It’s amazing what you can do with a can of black beans. When we aren’t turning this ‘meaty’ bean into veggie burgers, tacos, and meatballs, we’re dumping them into a pot of chili. So hearty and satisfying, they’re a shining star in this vegan black bean chili recipe.

It’s an easy, one-pot, and budget-friendly dish with sneaky protein (about 30 grams worth!) and indulgent layers of smoky-savory flavors.
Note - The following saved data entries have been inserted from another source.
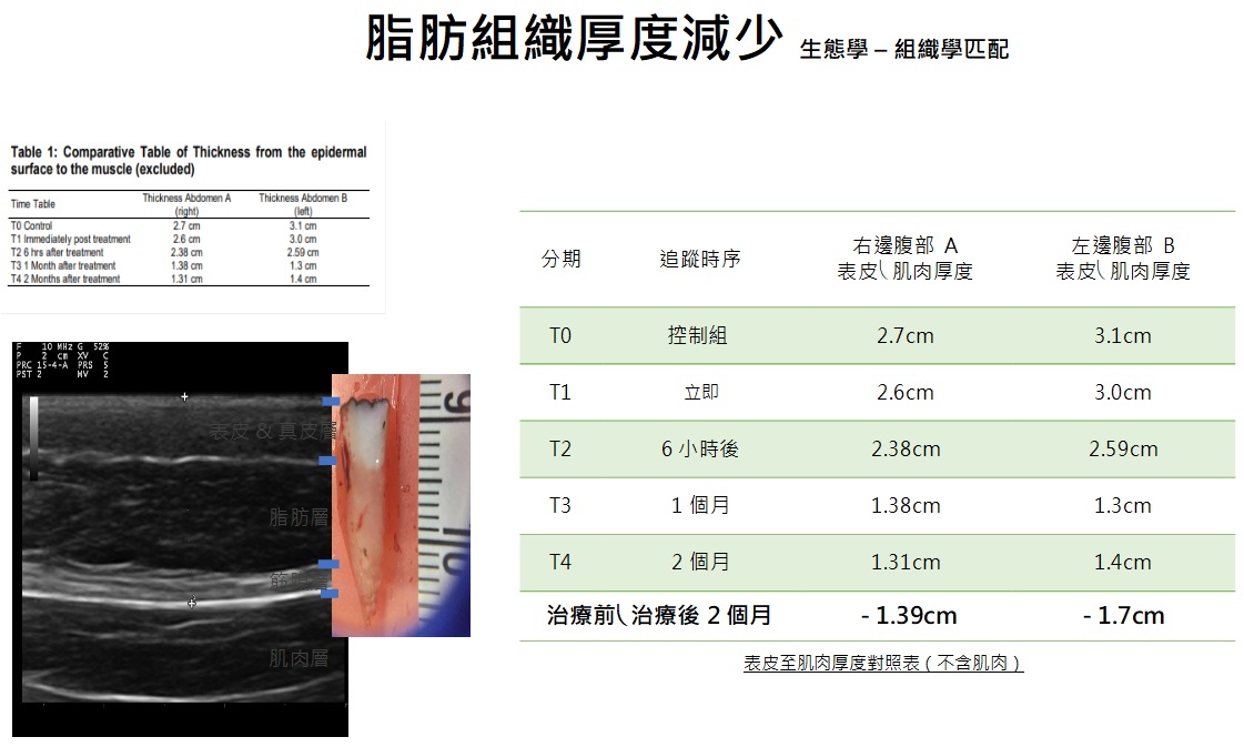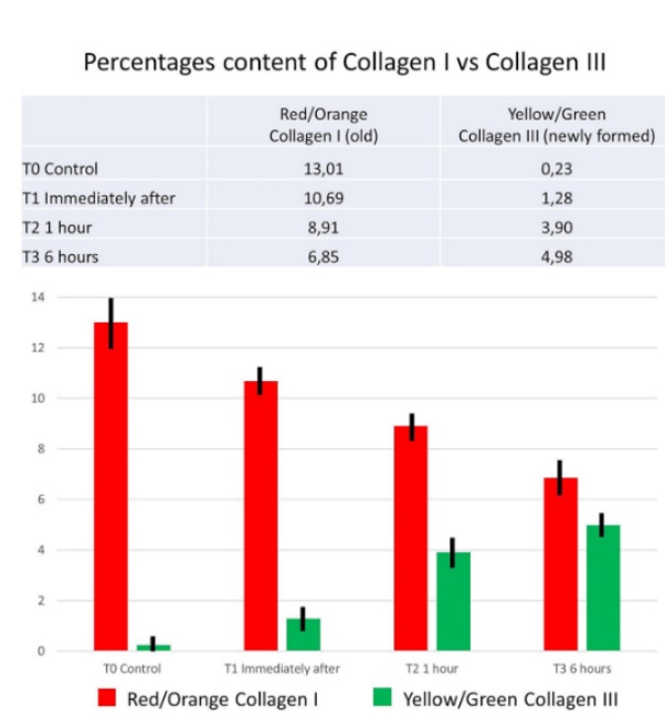 膠原蛋白第 I 型(紅色)含量與 膠原蛋白第 III型(綠色)含量的測量結果顯示,不僅減少皮下脂肪,還可以治療橘皮組織和相關的凹陷、凹凸或橘皮狀皮膚。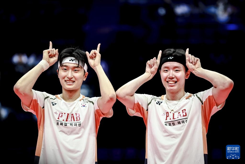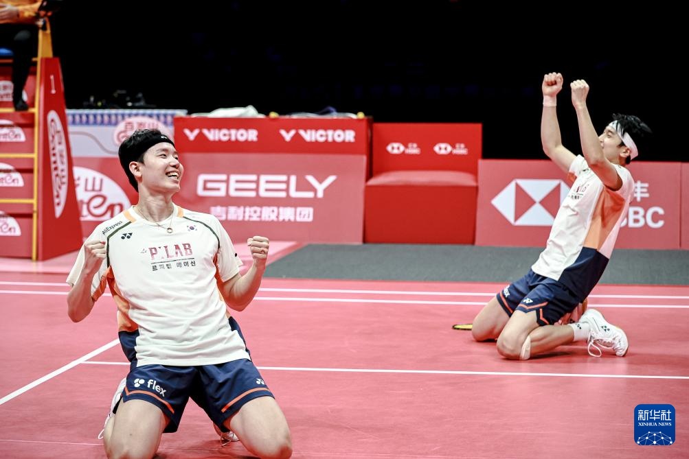 12月21日,韩国组合金元昊(右)/徐承宰在决赛后庆祝夺冠。新华社记者 江汉 摄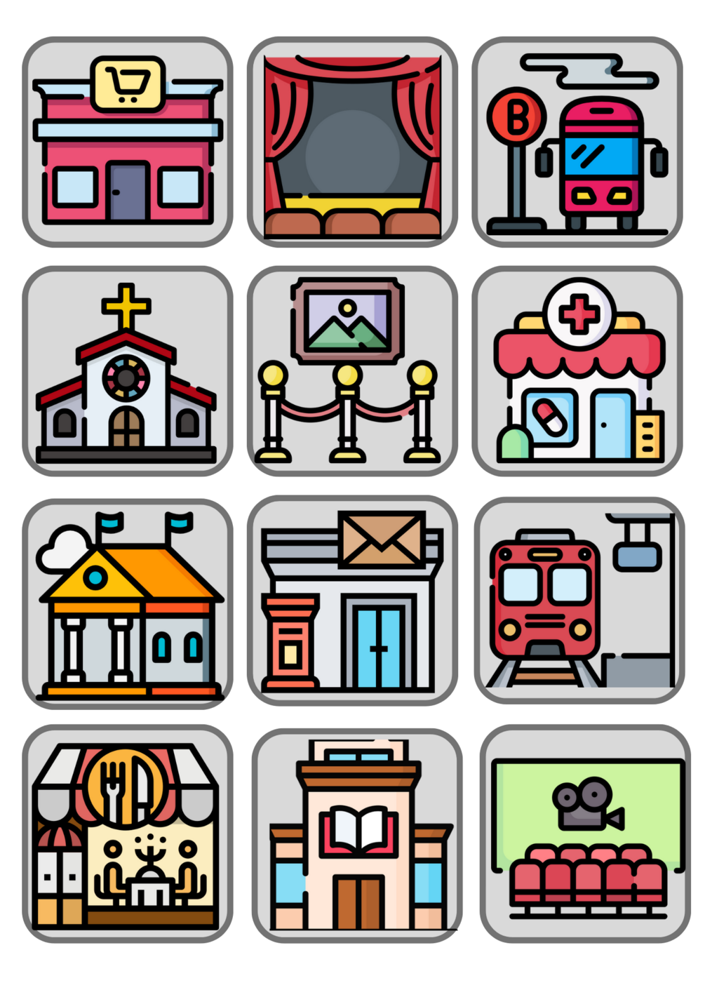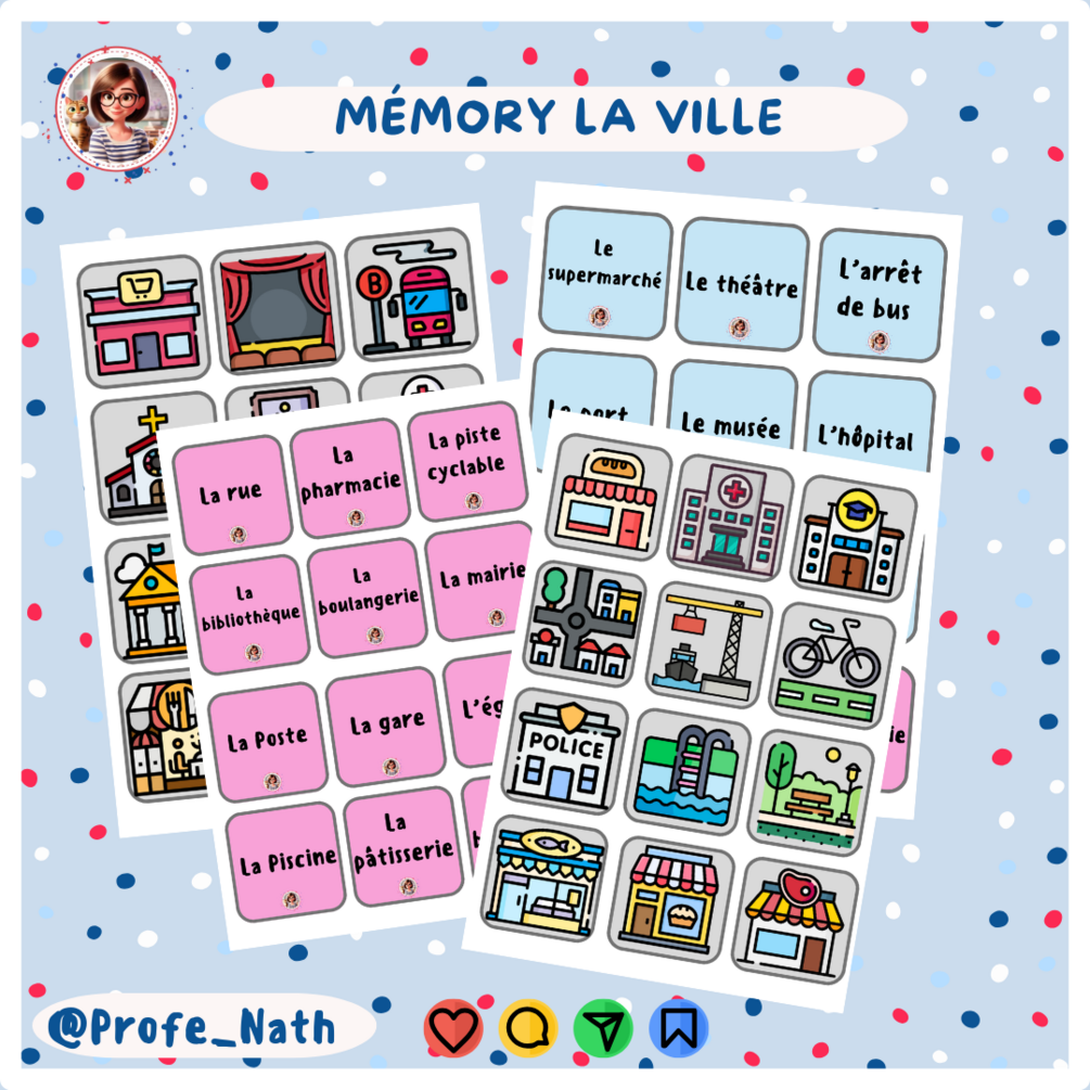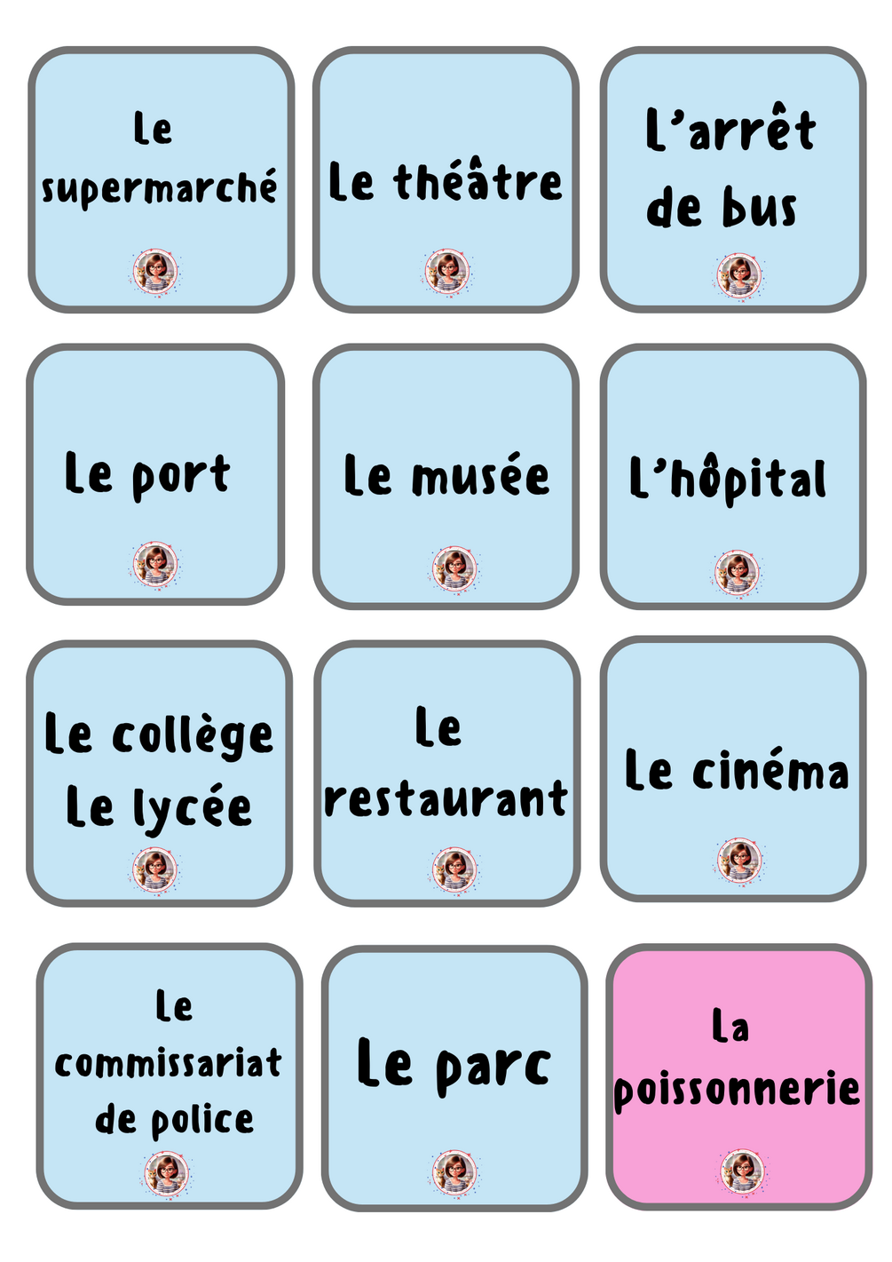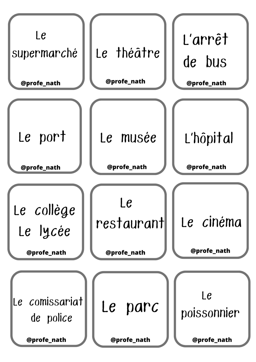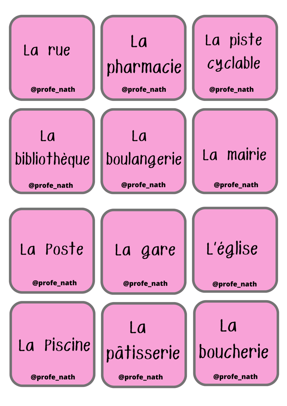 Juego de memoria con el vocabulario de "La ville". Pensado para 1ESO / 2ESO y primaria.
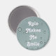 La pluie me fait sourire est le sentiment sur cet aimant rond. L'arrière - plan présente une photo d'un motif de gouttelettes d'eau circulaires après une tempête de pluie. Les gouttes de pluie ont été photographiées à travers le verre contre le ciel gris foncé. Tout le texte peut être customisé si vous le désirez.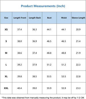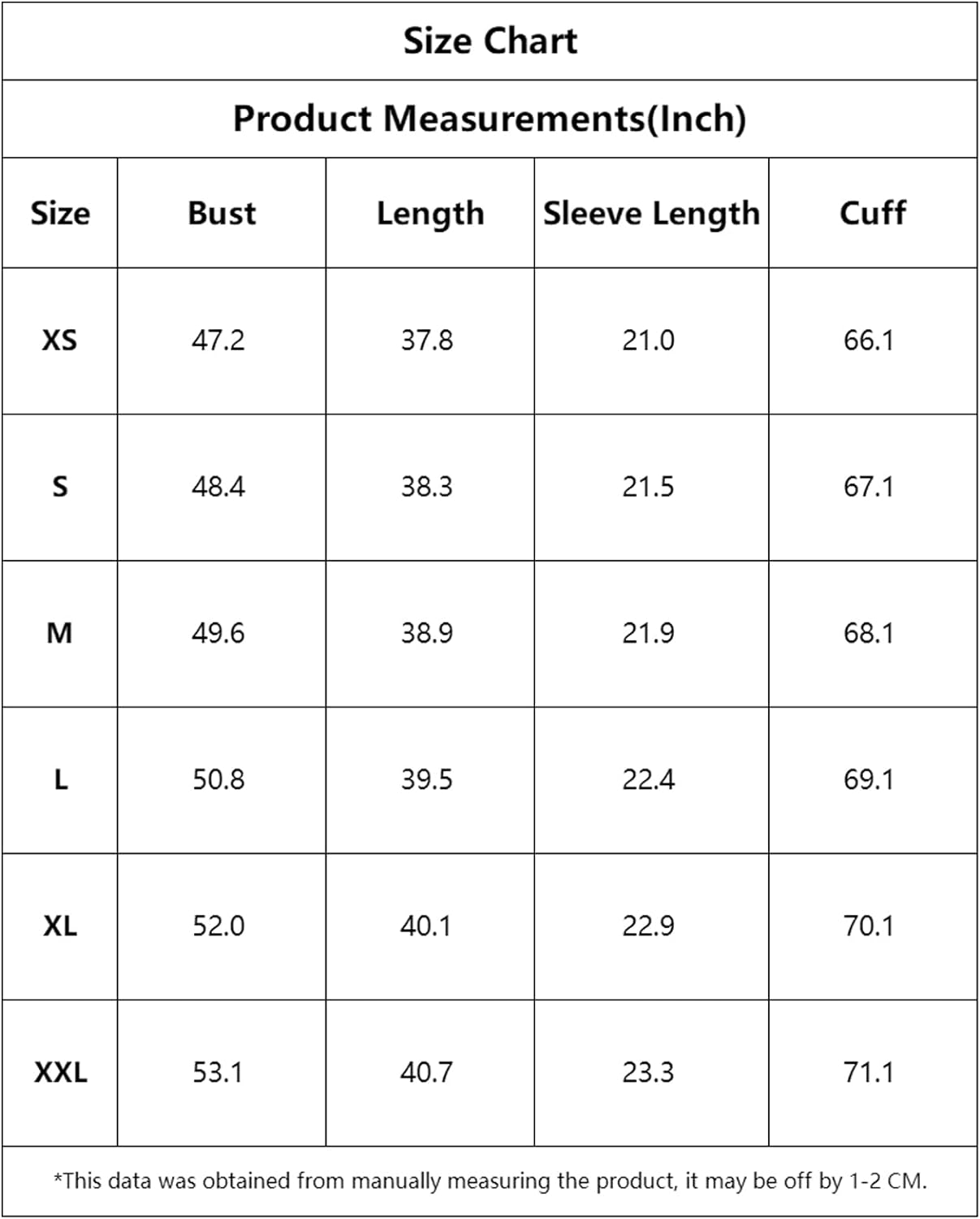 XL: Length: 34.3 inch, Sleeve Length: 19.7 inch, Bust: 50.4 inch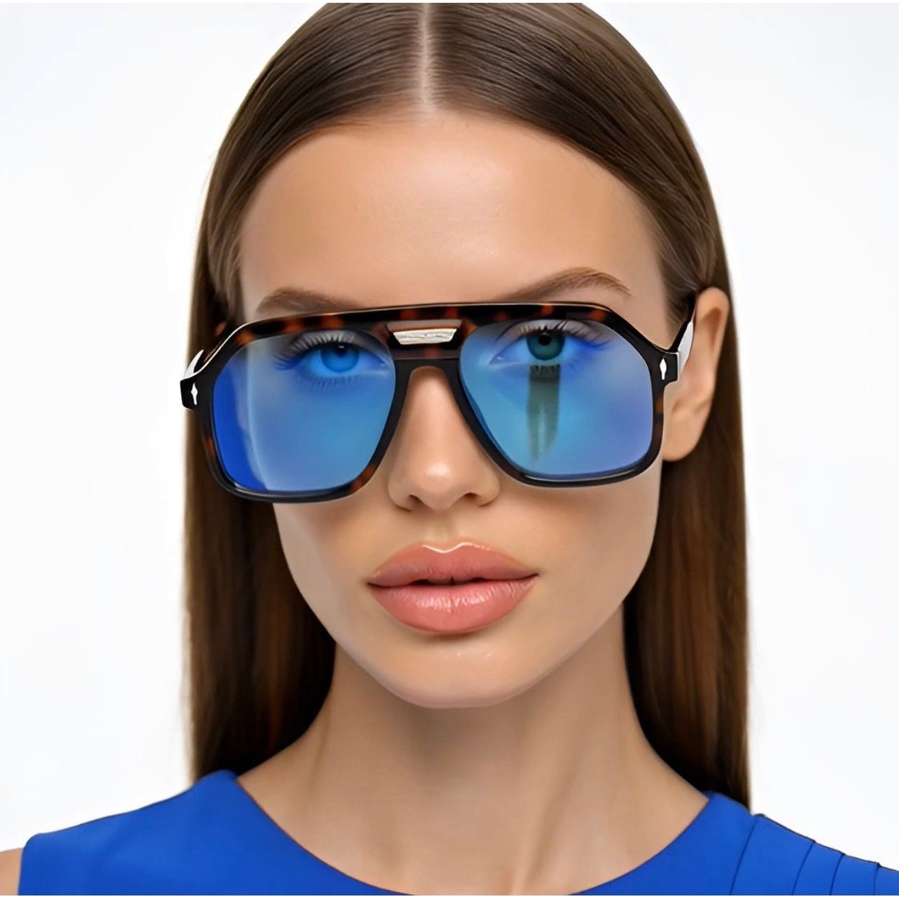 как выглядит Oversized Aviator Sunglasses Tortoiseshell Frame Light Blue Tint Lens Retro 70s фото

It’s also naturally gluten-free and oil-free, so you can feel great about every bite.

The best part? This chili is a breeze to put together, whether you’re a beginner home chef or already a pro. Simply cook the everyday ingredients in one pot, then let them simmer for less than 30 minutes. Curl up with a steaming hot bowl on chilly evenings or store the batch for later—it’s perfect for meal prep!

One way we like to take this vegan bean chili to the next level is with fun toppings. Dressing up each bowl with shredded vegan cheese, a dollop of vegan sour cream, salsa, or sliced jalapenos gets us excited to indulge in each spoonful. There’s lots of room for customization here, so feel free to get creative.

Looking for more vegan chili recipes? Check out cozy quinoa and sweet potato chili, vegan bean chili, easy vegan roasted red bell pepper chili, and lentil bean chili.

Ingredients and Substitutes

ingredients for black bean chili.

You can use fresh chopped tomatoes instead of canned tomatoes when they come into season (usually during summer and early fall).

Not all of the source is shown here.